# WHAT THE TASK REQUIRES
After locating the line that contains "jeke, yeli, erick.", give that line and all the rest through the end of the entries again exactly, leaving the pictures out.

# EXTRACTED INFORMATION

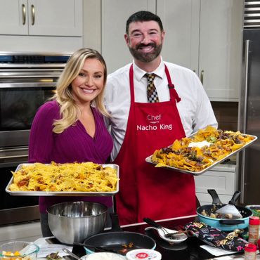 My visits to Great Day have always been a highlight for me! The staff and crew have enjoyed many different versions of my nacho fusion. Last month, I got a suggestion from Executive Producer Caitlin Amato and News Anchor/Reporter Caitlin Francis. With summer quickly approaching, what’s the next big nacho mashup? Say hello to Caitlin’s Cheeseburger Nachos! Great for leftovers from your BBQ’s and you’ll likely have all the ingredients you need already in your fridge! Let’s get this summer party started with a Cheeseburger Nachos Cheers!
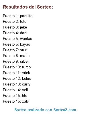 Lista de participantes: wantxo, paquito, turco, tito, mario, silver, tete, xabi, stur, kelus, carly, dani, kayao, jeke, yeli, erick.
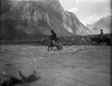 Lower Muzart, Moses fording; two men on horses fording river
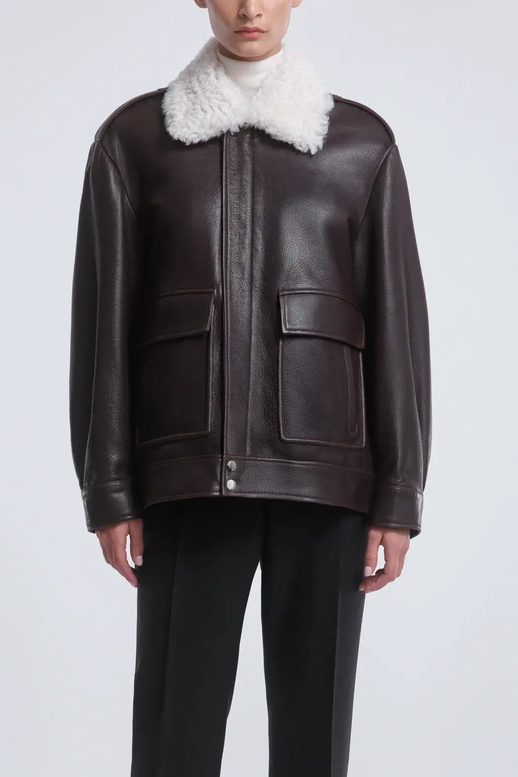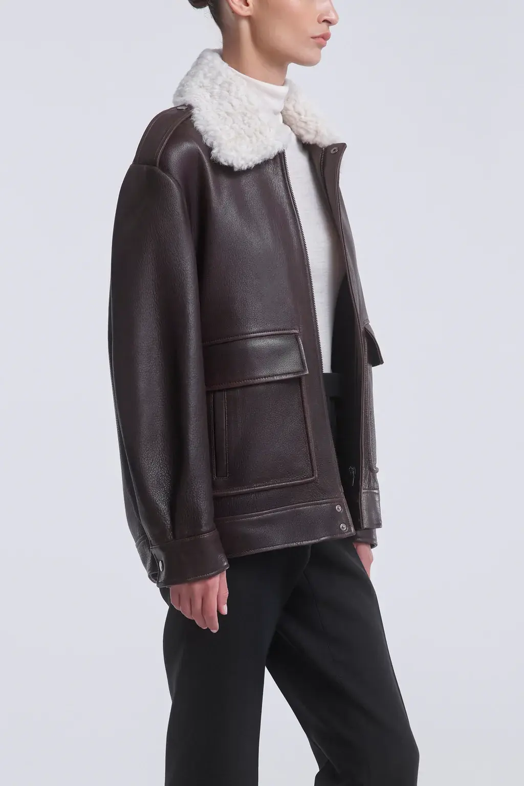 Drey curly shearling collar Laid-back Leather Jacket
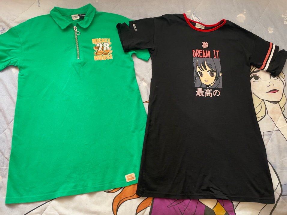 Kısa kollu, bisiklet yaka, pamuklu siyah elbise. Baskılı 'DREAMIT' yazısı ve yırtmaç detayıyla rock punk tarzını yansıtıyor. İkili tşört elbiseler
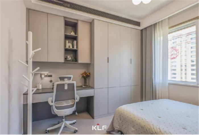 衣柜书桌一体化设计,将现代生活的高效理念完美融入其中。在卧室的一角阅读思考,重新审视生活的不同切面所带来的随机体验,是触及内心的重要方式。
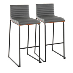 Mason Mara - Contemporary Fixed Height Barstool (Set of 2) - Black / Walnut / Gray
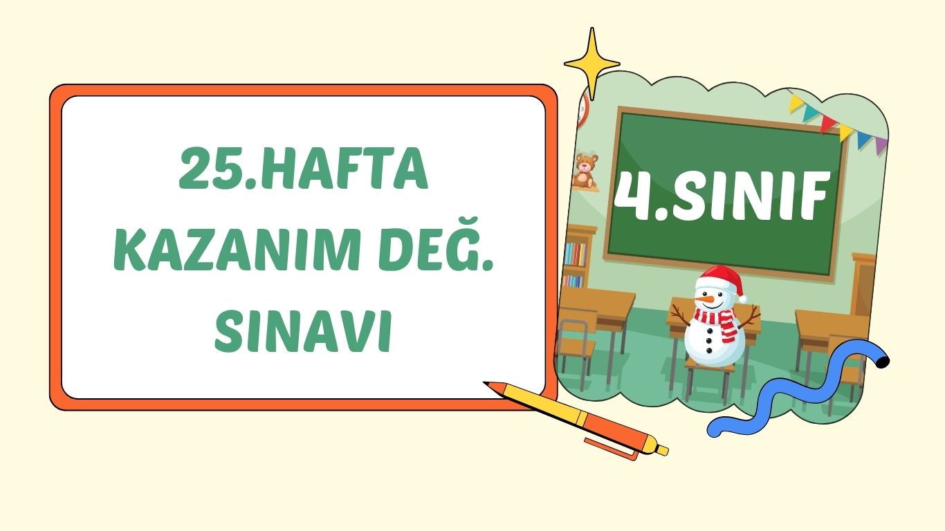 25. hafta kazanımlarından derlediğimiz 20 soruluk, çevrimiçi çoktan seçmeli, 70 ve üzeri puan aldığınızda mail adresinize başarı belgesinin gönderileceği bir testtir.
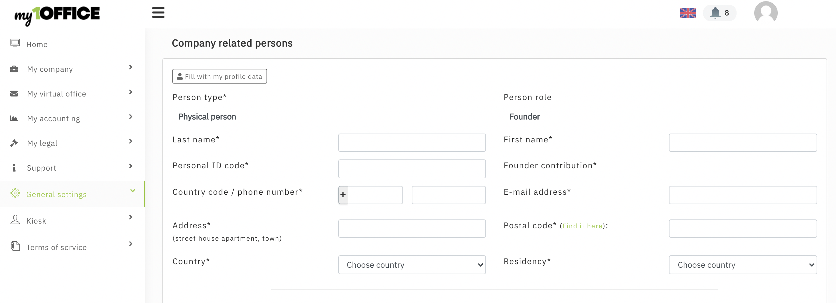TIP: If you are establishing the company for yourself, then the easiest is to choose “Fill with my profile data” for both Founder and Board Member, and you will be done in a second.

# OUTPUT FOR THIS TASK
 Lista de participantes: wantxo, paquito, turco, tito, mario, silver, tete, xabi, stur, kelus, carly, dani, kayao, jeke, yeli, erick.
 Lower Muzart, Moses fording; two men on horses fording river
 Drey curly shearling collar Laid-back Leather Jacket
 Kısa kollu, bisiklet yaka, pamuklu siyah elbise. Baskılı 'DREAMIT' yazısı ve yırtmaç detayıyla rock punk tarzını yansıtıyor. İkili tşört elbiseler
 衣柜书桌一体化设计,将现代生活的高效理念完美融入其中。在卧室的一角阅读思考,重新审视生活的不同切面所带来的随机体验,是触及内心的重要方式。
 Mason Mara - Contemporary Fixed Height Barstool (Set of 2) - Black / Walnut / Gray
 25. hafta kazanımlarından derlediğimiz 20 soruluk, çevrimiçi çoktan seçmeli, 70 ve üzeri puan aldığınızda mail adresinize başarı belgesinin gönderileceği bir testtir.
TIP: If you are establishing the company for yourself, then the easiest is to choose “Fill with my profile data” for both Founder and Board Member, and you will be done in a second.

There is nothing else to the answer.